Database Indexing is one of the most common technique to make database query faster. In this post we will learn about how indexing makes DB Query faster.
Let’s make a user table,
id | name | username | password | |
1 | Lahin | lahin31 | lahin@gmail.com | ndiewf22r |
2 | Sadikul | sadik | sadik@gmail.com | jceu2j8e2 |
3 | Shaju | shaju | shaju@gmail.com | jdiw8dhw |
4 | Rubel | rubel | rubel@gmail.com | i2jxejx8ed |
5 | Forhad | forhad | forhad@gmail.com | jde2idj38d |
6 | Juman | juman | juman@gmail.com | edeuhdueh |
You can consider each column has,
id | name | username | password | |
4 bytes | 32 bytes | 16 bytes | 48 bytes | 32 bytes |
Each column has different bytes. The total bytes will be (4 + 32 + 16 + 48 + 32) = 132 bytes. Since we have 6 rows so we need (6 * 132) = 792 bytes in order to store the entire user table.

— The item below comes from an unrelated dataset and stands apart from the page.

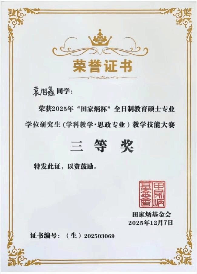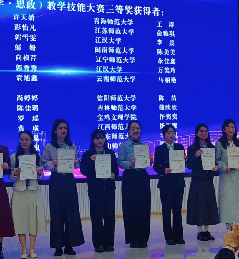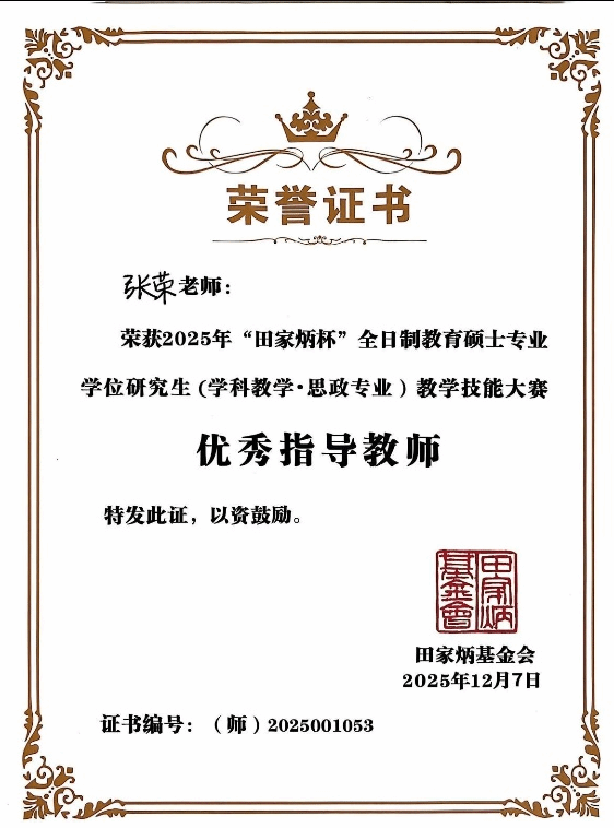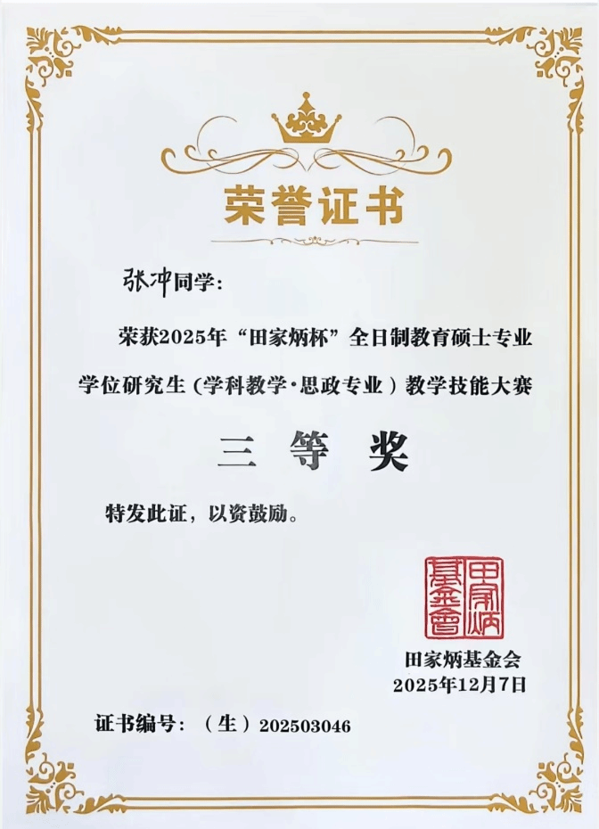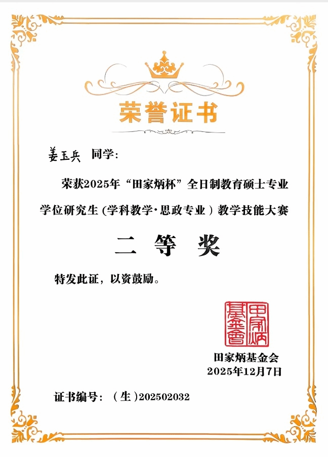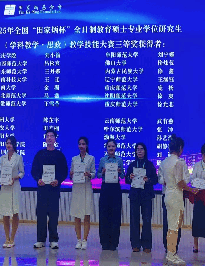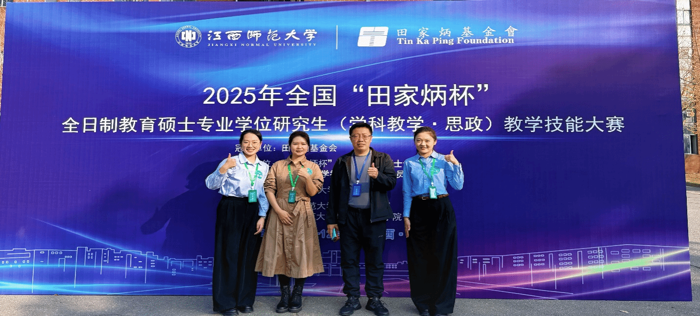 2025年12月6日,全国“田家炳杯”全日制教育硕士专业学位研究生学科教学(思政)专业教学技能大赛决赛在江西师范大学正式落下帷幕。在学科教学(思政)专业白瑞春、张荣、任大顺、高军四位导师的共同指导下。教师教育学院2023级研究生姜玉兵荣获二等奖,袁旭鑫、张冲荣获三等奖。张荣、白瑞春(姜玉兵指导教师)老师荣获优秀指导教师奖。
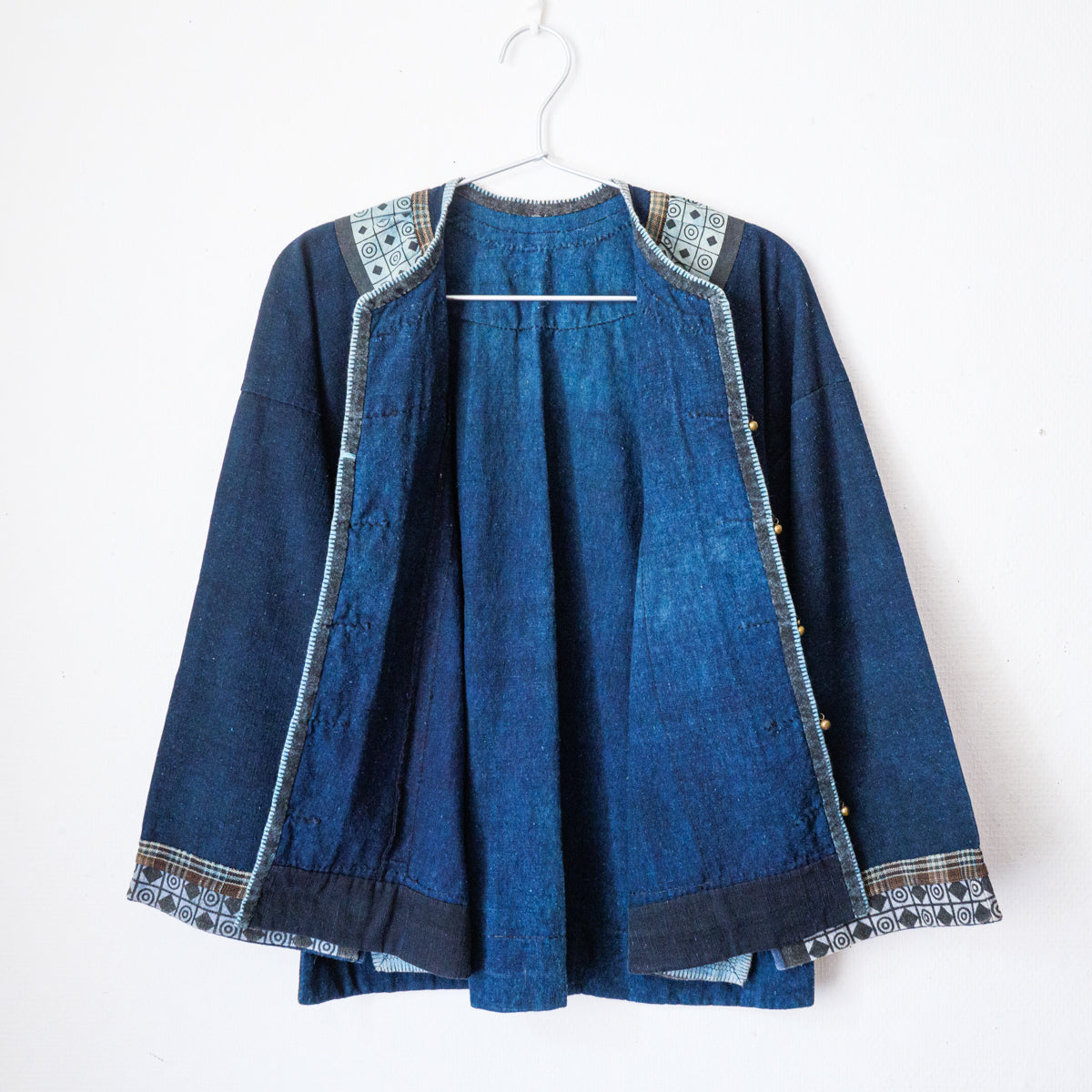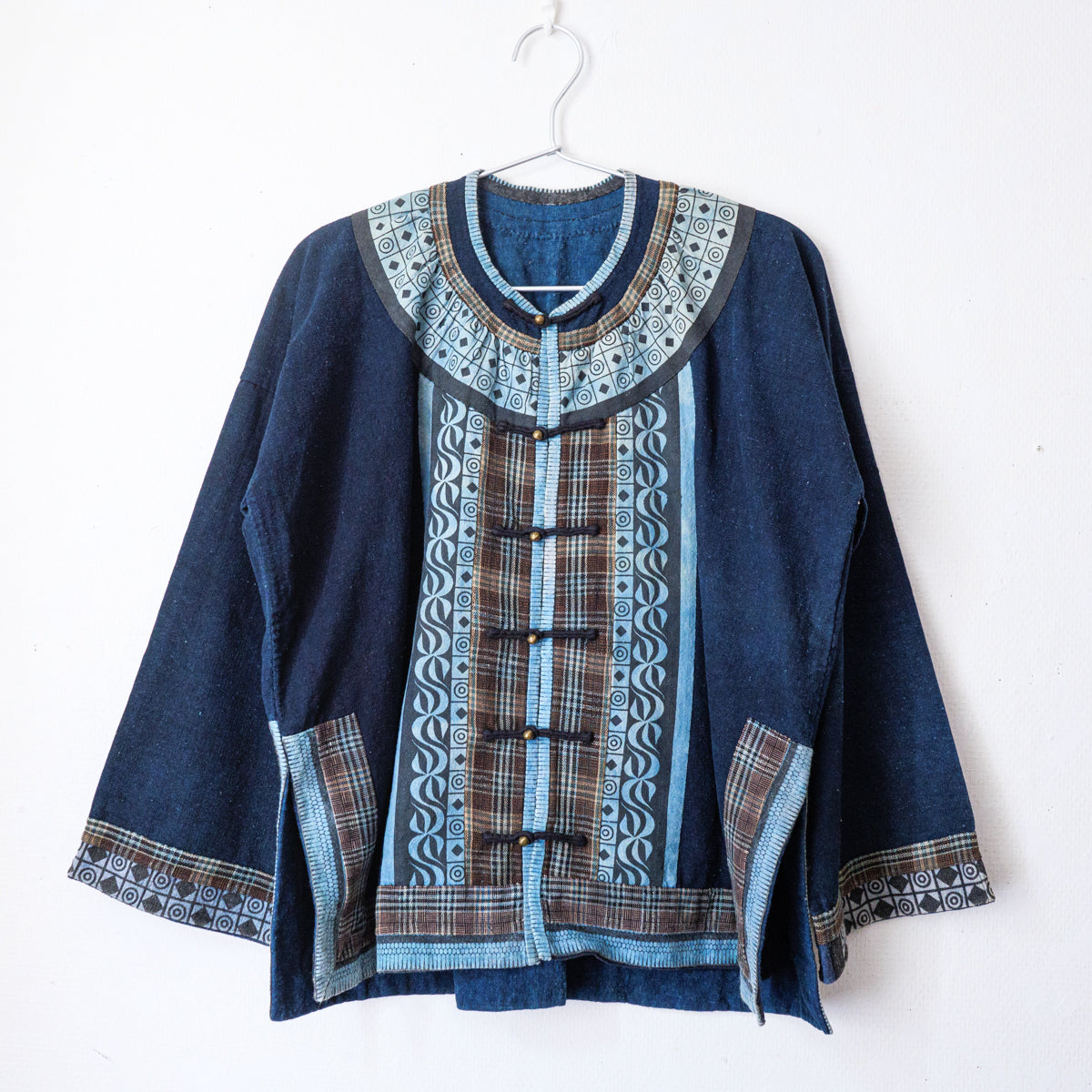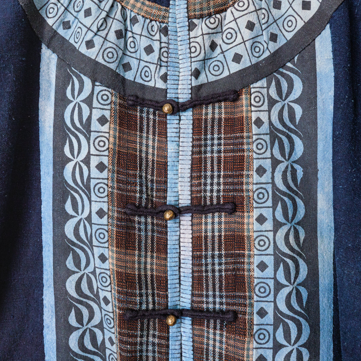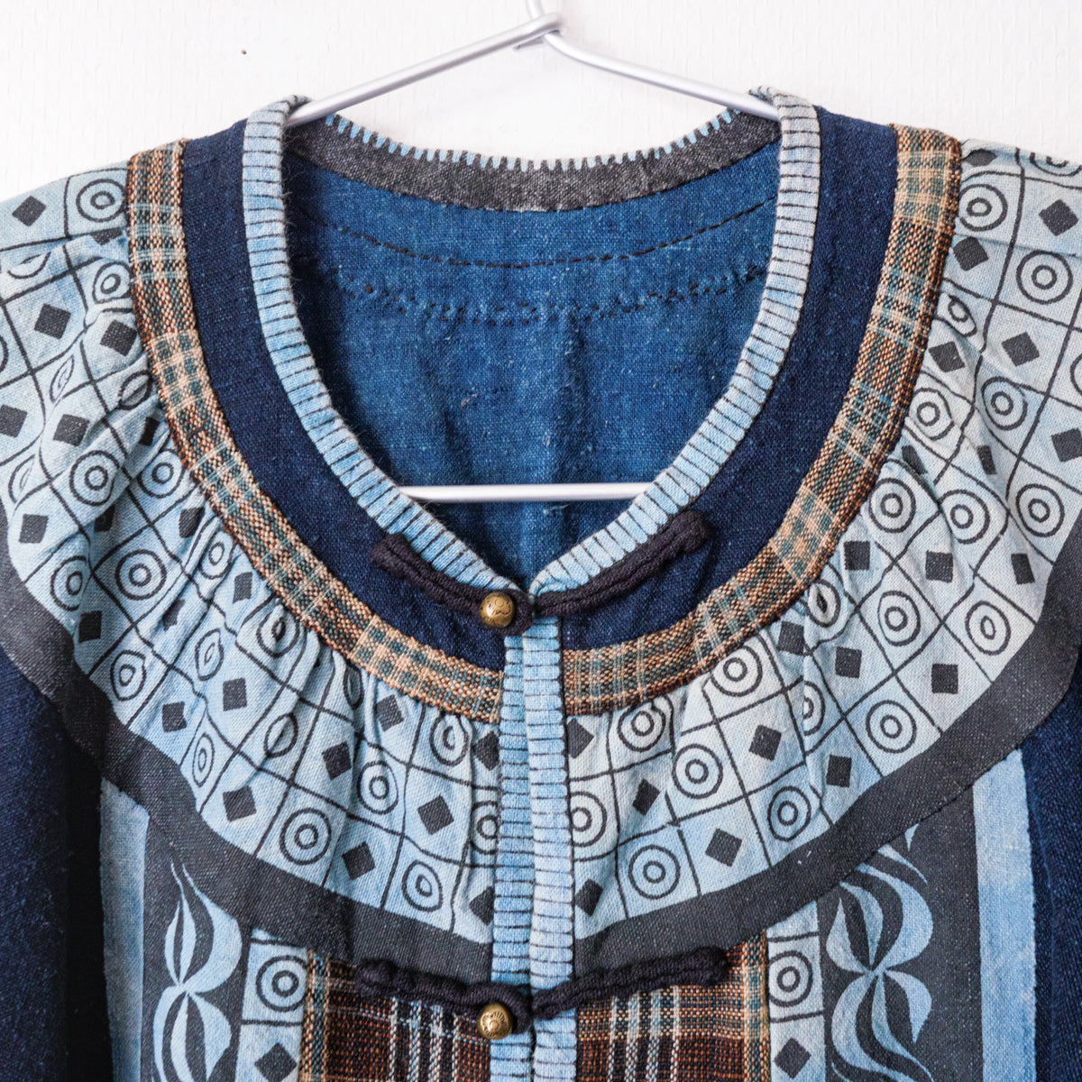雲南省マリポ地区の少数民族、イ族の女性用衣装。美しい滑らかな質感の手織り藍染め生地をベースに、可愛らしい模様のロウケツ染め生地を装飾的にあて、さらに茶色の手織り生地を重ねた労力の詰まった逸品です。真鍮ボタンをループに通して閉める構造です。とても良好な状態で、飾るだけでも良い雰囲気です。

Generally our data is stored inside the Disk and inside of the disk we have a collection of blocks. Each block holds the certain amount of data. Depending on how many rows, there are number of blocks available.
In our example we have 6 rows and let’s say each block can hold 265 bytes of data. Since we’ve 6 rows and each row has 132 bytes,
265 / 132 = 2, so we can say each block can hold 2 rows.
This is how data stored inside blocks.
Let’s write a query,
SELECT * FROM users WHERE username=juman
We are collecting every information who has juman username. The query process will be,
- Search the Block 1, not found.
- Search the Block 2, not found.
- Search the Block 3, found.
- Then put the entire Block 3 to memory for further process.
Let’s suppose reading/searching a block can take 1 sec, since we searched 3 blocks it will take 1 * 3 = 3 sec. (What if we have 100 blocks then it will take 100 sec in worst case scenario.)
Now let’s optimize this through index.
Index is a referential table that holds row reference against a particular index value. Index is also stored inside the disk block. So for username the index table will be,
username | block_id |
forhad | 3 |
juman | 3 |
lahin31 | 1 |
rubel | 2 |
sadik | 1 |
shaju | 2 |
For each column it the size can be,
username | block_id |
4 bytes | 4 bytes |
So username has 4 bytes and block_id has also 4 bytes, so each column requires 8 bytes.
As we have 6 rows so the total size of the index table will be 6 * 8 = 48. Let’s suppose each block can hold 25 bytes of data. So we total number of blocks required for index is 48 / 25 = 2.
As our query is to find information for username juman. So the query process will be,
- Searching the first index block, it will see username juman has block_id 3.
- It will go to the data block 3.
- Then put the entire Block 3 to memory for further process.
So we just searched index block 1 and data block 3. If we suppose each block read can take 1 second reading 2 blocks (index block 1 and data block 3) can take 2 seconds, in worst case scenario this is better than searching 100 blocks in 100 seconds.
This is how the index works.
Thanks for making this concept easier. Good read…
Most welcome.
Which order index block will keep the data.? So far we see without index block a keeping data ordering by id asc.
This can be assc or desc. By default it is assc. You can specifically say what order (assc or desc) you want.